In premade_estimator.py, we use iris_data.load_data () function to retrieve the iris data.
You can run this function, and as such decompression results:
import iris_data
# 获取数据
train, test = iris_data.load_data()
features, labels = train
Followed by a line of code like the following, the input data is passed to the function:
batch_size=100
iris_data.train_input_fn(features, labels, batch_size)

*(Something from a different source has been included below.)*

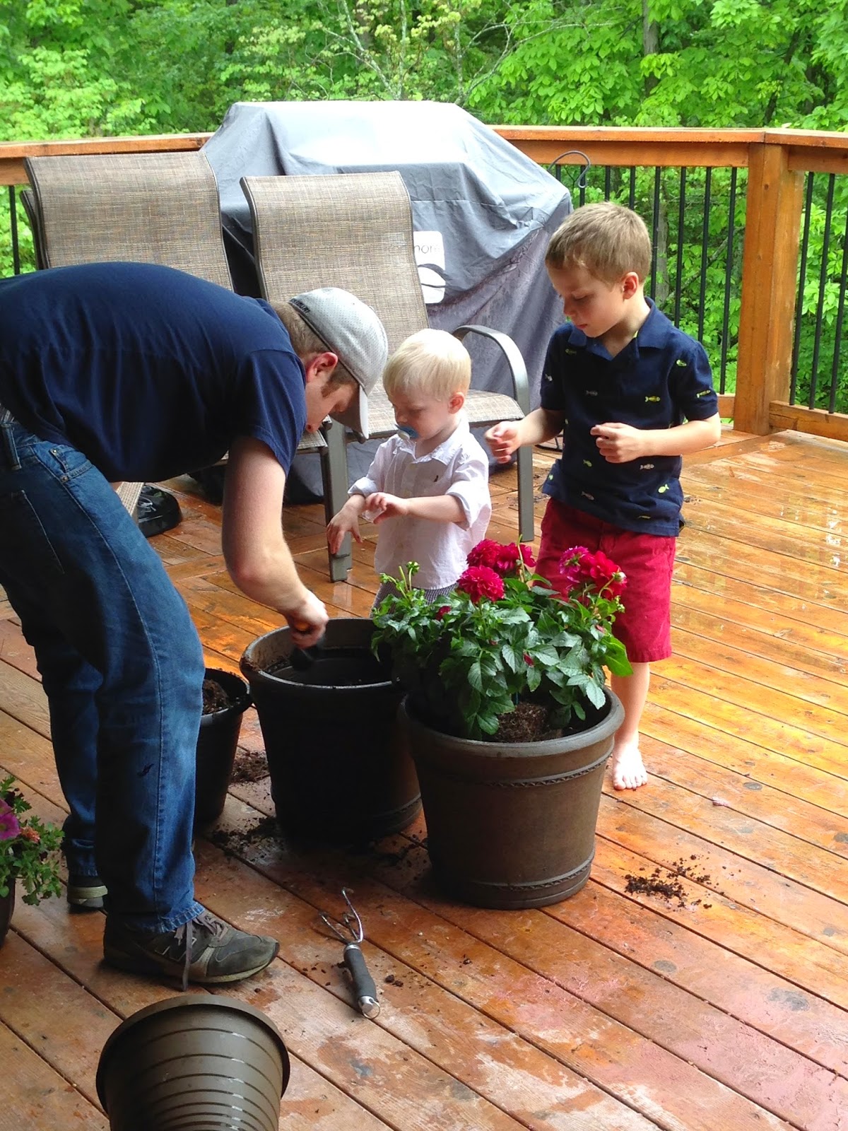 When the rain finally stopped, the boys continued with their Mother’s Day tradition of planting new flowers in the flower pots.

Let's look at the specific train_input_fn () function.
(Array) fragment
TF Layers Tutorial: Building a convolution neural network
Dataset returns the code as follows:
train, test = tf.keras.datasets.mnist.load_data()
mnist_x, mnist_y = train
mnist_ds = tf.data.Dataset.from_tensor_slices(mnist_x)
print(mnist_ds)
<TensorSliceDataset shapes: (28,28), types: tf.uint8>
Dataset above represents a simple set of arrays, but the data set is more complex than that. Dataset can transparently handle any combination of nested dictionaries or tuples (or namedtuple).
For example, after converting the standard features of irls python dictionary, you can convert Dataset dictionary dictionary array, as follows:
dataset = tf.data.Dataset.from_tensor_slices(dict(features))
print(dataset)
<TensorSliceDataset
shapes: {
SepalLength: (), PetalWidth: (),
PetalLength: (), SepalWidth: ()},
types: {
SepalLength: tf.float64, PetalWidth: tf.float64,
PetalLength: tf.float64, SepalWidth: tf.float64}
>
The first row of the iris train_input_fn same functionality, but adds a layer structure. It creates a contained (features_dict, label) for the data set.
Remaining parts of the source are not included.